::: Available records

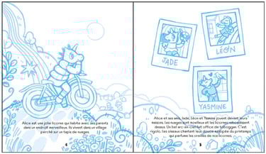 Une fois le contrat signé, j'ai fait l'étape veille et préparation de mon côté. J'ai consulté des livres avec des thématiques similaires, j'ai regardé les différentes manières de représenter des licornes à différents âges, ou comment on représente la pollution, et pris plein de notes. Avec un sujet pas si doux dans un univers fantaisiste, il fallait trouver un équilibre. Ce n'est pas quelque chose que j'ai montré au reste de l'équipe.
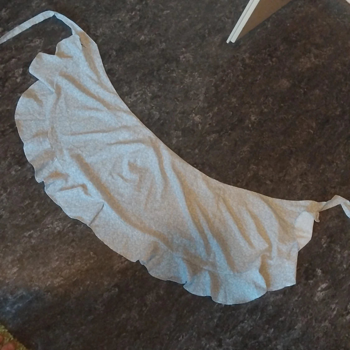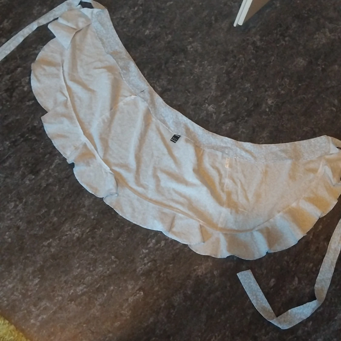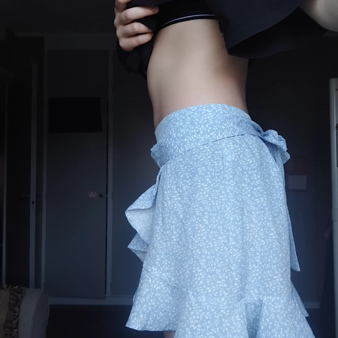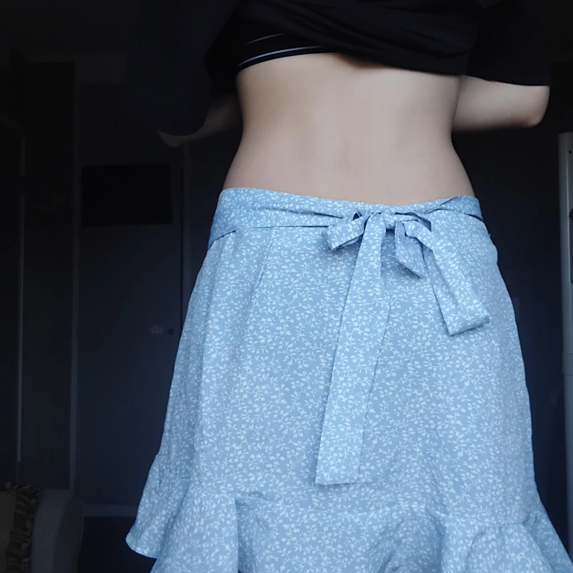 Supersöt ljusblå kort omlottkjol med små vita blommor. Kjolen har volangkant och knyts i midjan med en rosett bak. Perfekt för varma dagar och ger en fräsch och somrig vibe.
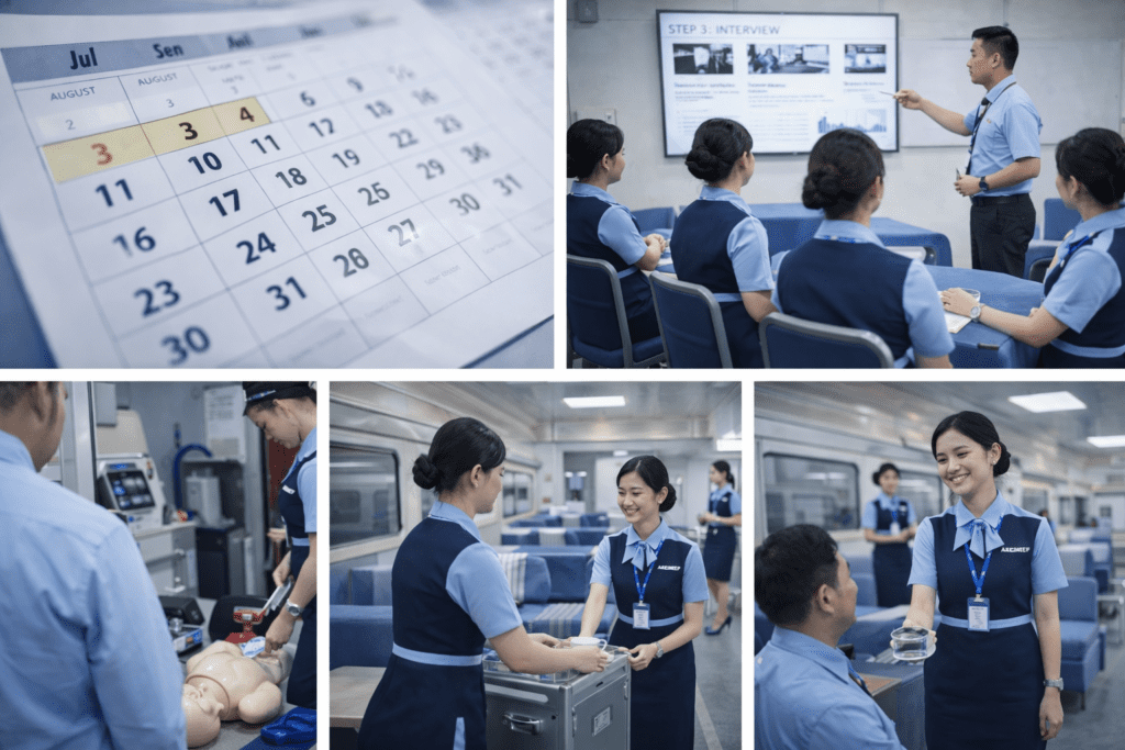 Salah satu alasan biaya sekolah pramugari kereta api bisa lebih terjangkau adalah karena durasi pendidikannya relatif singkat, yaitu sekitar 3–6 bulan. Waktu ini dirancang secara intensif agar siswa mendapatkan seluruh keterampilan penting dalam periode yang efisien. Dibandingkan pendidikan formal seperti kuliah yang membutuhkan waktu tiga hingga empat tahun, program ini jelas lebih hemat dari segi biaya pendidikan maupun biaya operasional sehari-hari.
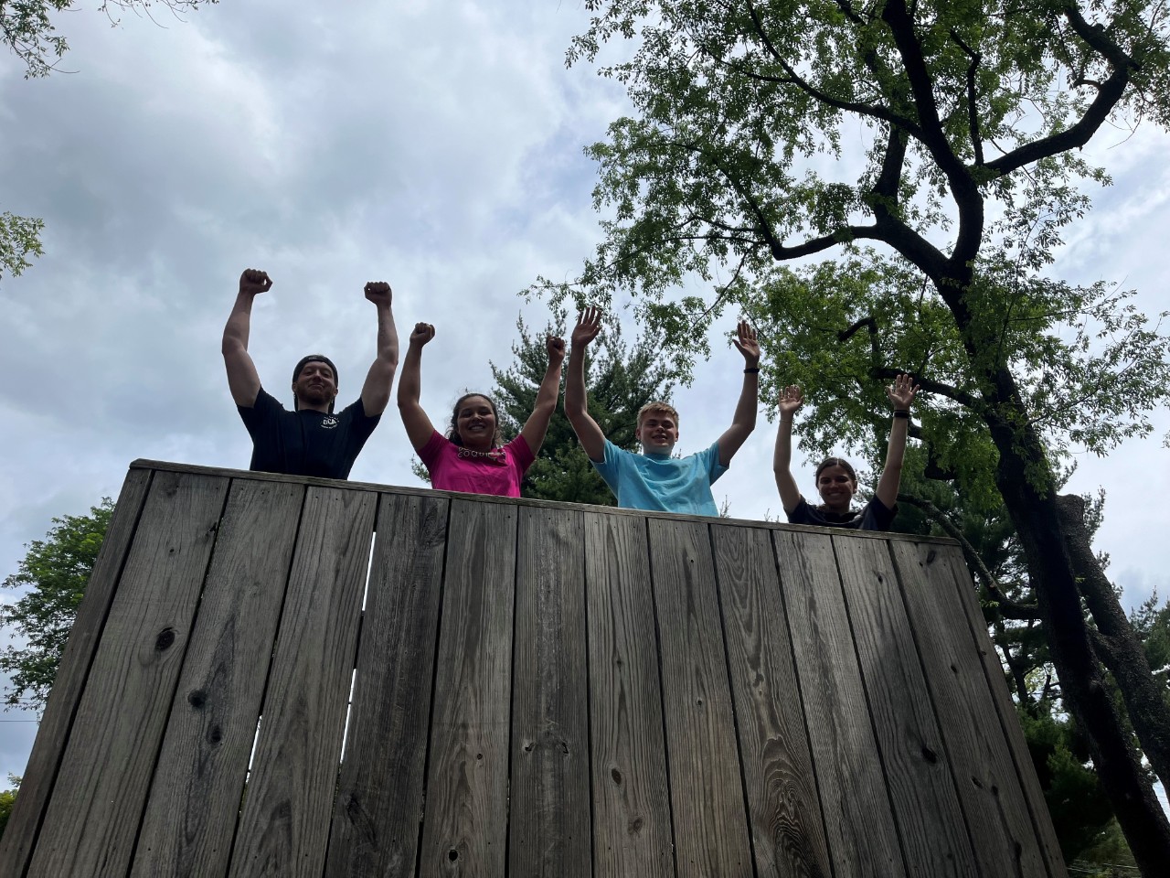 Students pose for a photo after completing the Challenge Course
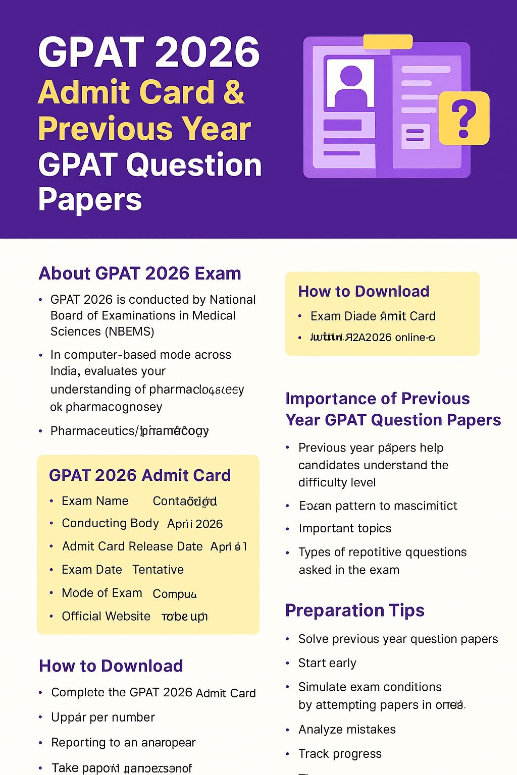 In this detailed guide, we’ll explore everything about GPAT 2026 Admit Card and Previous Year GPAT Question Papers, including important dates, download process, exam pattern, preparation tips, and FAQs. If you’re preparing for GPAT 2026, this article will serve as your complete roadmap to success.
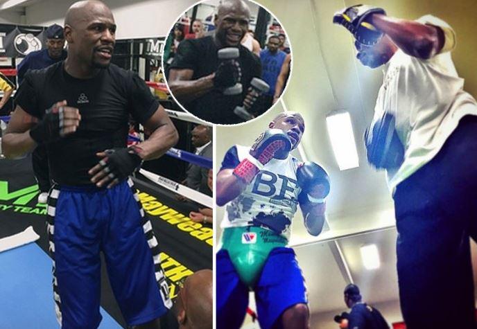 Not one to keep his head down, Pretty Boy shared a number of images from his first session on social media website Shots. This includes photos of him lifting weights and sparring in front of an interested crowd, tweeted by MailOnline Sport:

::::::

__What you should do__
Only an exact copy is wanted: the lines from the opening of the material through the line that has "Supersöt ljusblå kort", minus any pictures.

__Solution__
 Une fois le contrat signé, j'ai fait l'étape veille et préparation de mon côté. J'ai consulté des livres avec des thématiques similaires, j'ai regardé les différentes manières de représenter des licornes à différents âges, ou comment on représente la pollution, et pris plein de notes. Avec un sujet pas si doux dans un univers fantaisiste, il fallait trouver un équilibre. Ce n'est pas quelque chose que j'ai montré au reste de l'équipe.
 Supersöt ljusblå kort omlottkjol med små vita blommor. Kjolen har volangkant och knyts i midjan med en rosett bak. Perfekt för varma dagar och ger en fräsch och somrig vibe.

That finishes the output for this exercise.